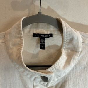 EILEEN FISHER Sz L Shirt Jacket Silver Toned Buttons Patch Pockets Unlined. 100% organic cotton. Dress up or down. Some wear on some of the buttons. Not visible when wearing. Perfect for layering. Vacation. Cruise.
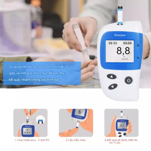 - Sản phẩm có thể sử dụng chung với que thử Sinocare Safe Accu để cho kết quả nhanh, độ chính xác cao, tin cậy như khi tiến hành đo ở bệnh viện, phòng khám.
* * *
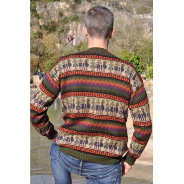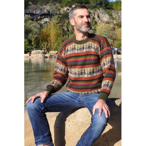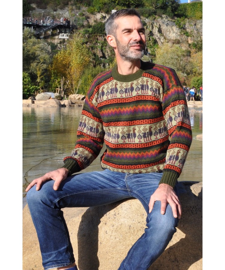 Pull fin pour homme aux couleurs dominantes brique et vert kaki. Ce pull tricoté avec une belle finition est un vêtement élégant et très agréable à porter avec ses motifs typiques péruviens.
--
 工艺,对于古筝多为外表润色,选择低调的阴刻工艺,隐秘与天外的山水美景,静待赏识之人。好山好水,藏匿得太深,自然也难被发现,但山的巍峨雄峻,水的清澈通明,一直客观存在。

* TASK OBJECTIVE *
Going by the data above, give back only the lines from the one containing "EILEEN FISHER Sz" through the one containing "- Sản phẩm có", exactly as they stand, both ends included and no images.

* WRITTEN RESPONSE *
 EILEEN FISHER Sz L Shirt Jacket Silver Toned Buttons Patch Pockets Unlined. 100% organic cotton. Dress up or down. Some wear on some of the buttons. Not visible when wearing. Perfect for layering. Vacation. Cruise.
 - Sản phẩm có thể sử dụng chung với que thử Sinocare Safe Accu để cho kết quả nhanh, độ chính xác cao, tin cậy như khi tiến hành đo ở bệnh viện, phòng khám.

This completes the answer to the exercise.